Posted by: Blue | August 30, 2004 at 08:25 PM
Um, Slarti?
"Dr. Louis Letson" ain't the guy who signed Kerry's medical report. He says he "treated" Kerry, but no one has come forward to confirm this beyond a scintilla of doubt and there is no paperwork to confirm his claim.
So in what way, exactly, did he provide medical assistance to Kerry?
Posted by: CaseyL | August 30, 2004 at 08:36 PM
I'd say I was sorry about the hurled insults, but they probably got a satisfactory glow of martyrdom out of it.
(Opening mouth, inhaling to speak)
(pause)
(considering)
(pause)
Yeaahhh. I'm going to have to agree with you on that one.
;)
Moe
Posted by: Moe Lane | August 30, 2004 at 09:04 PM
Anarch:
Because what happened thirty years ago in Southeast Asia is more important in determining who to vote for than what's happened in Iraq over the last seventeen months, or what's happened in America over the last four years, for that matter.
Posted by: CJM | August 30, 2004 at 10:59 PM
Mr. President, I remember Christmas of 1968 sitting on a gunboat in Cambodia. I remember what it was like to be shot at by Vietnamese and Khmer Rouge and Cambodians, and have the President of the United States telling the American people that I was not there; the troops were not in Cambodia.
Kerry's original statement on the Senate floor has him claiming:
1) It was Christmas Eve 1968
Just to be pedantic:
1) "Christmas" is not "Christmas Eve." Either you've transcribed this particular quote incorrectly or are adding a word that isn't there. Many people refer to the entire month of December as "The Christmas season" or simply "Christmastime." I'm not claiming that that's what Kerry's done here, but the word "Eve" doesn't appear in your quote, so you can't just put it there.
2) The verbal construction, "I remember X. I remember Y" does not in any way imply that X and Y were concurrent events.
Posted by: Phil | August 30, 2004 at 11:15 PM
Phil,
Eve was the mistake not the quote.
I couldn't agree more with your second point.
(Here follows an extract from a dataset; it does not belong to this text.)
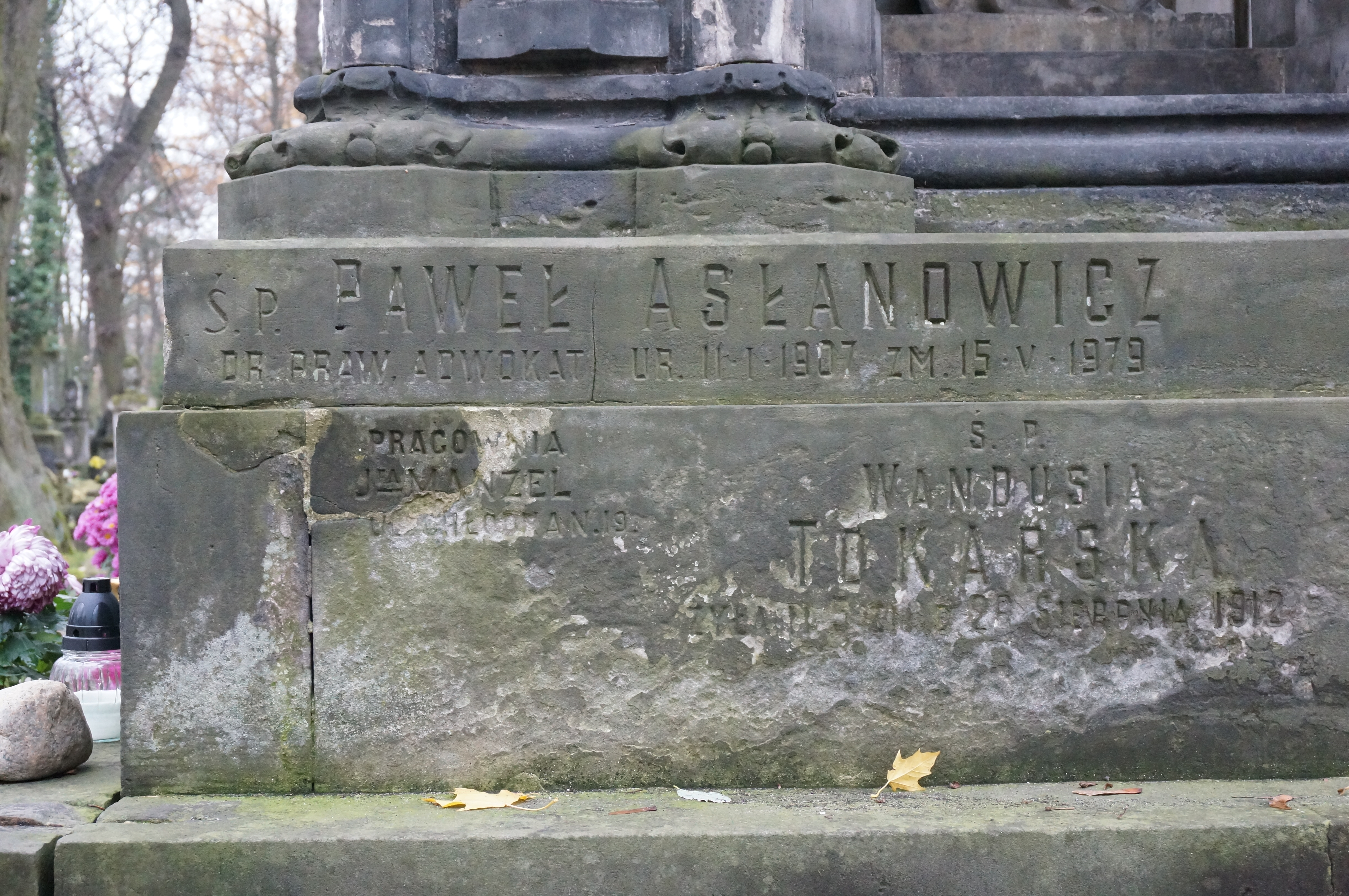 Inscription on the grave of Paweł Asłanowicz (section 181, row 5, grave 30-31)

That was partly my point due to what CJM concluded upthread. You can't deconstruct what someone says so easily. You have to take the whole context to understand what they mean and their intent.
Posted by: Blue | August 30, 2004 at 11:32 PM
Moe: Yeaahhh. I'm going to have to agree with you on that one.
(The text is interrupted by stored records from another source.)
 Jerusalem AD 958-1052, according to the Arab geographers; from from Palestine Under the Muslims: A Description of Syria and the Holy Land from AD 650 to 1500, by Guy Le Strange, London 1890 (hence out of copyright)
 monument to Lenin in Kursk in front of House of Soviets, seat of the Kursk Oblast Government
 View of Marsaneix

Yeah, can you imagine their disappointment if they'd turned up to protest and found all the people they were protesting against behaving like Edward? ;-)
*snerk*
Posted by: Jesurgislac | August 31, 2004 at 03:31 AM
Um, Slarti?
Yes? Were you about to ask me a question about some off-topic point I haven't been engaged in?
Posted by: Slartibartfast | August 31, 2004 at 07:37 AM
Incidentally, I was at the big pro-democracy rally in Hong Kong in June. The government estimated its size at around 100,000; the protest organizers said it was more like half a million and, based on my back-of-the-envelope calculation and exposure to other Hong Kong rallies, that sounds about right to me. I'm not sure about the rate of flow of the NYC protest, so this is quite hand-wavey, but given its physical length, duration and density, 120k sounds ridiculously low to me. [We get about that many on the streets in Madison for Halloween; that's roughly the size of a large Big Ten stadium crowd (Michigan's seating capacity is about 110k); and either of those events would have been dwarfed by the NYC protest.] I was guessing 300k - 400k; 500k is certainly plausible.
As a slight tangent: quoth my dad, the historian, the general rule of thumb in SE Asian politics is that the protest supervisors will always overestimate the number involved in the protest (ballpark 10-30% increase) and the government will woefully underestimate the number (ballpark 50-80% decrease). I don't know if this holds true in the US or not.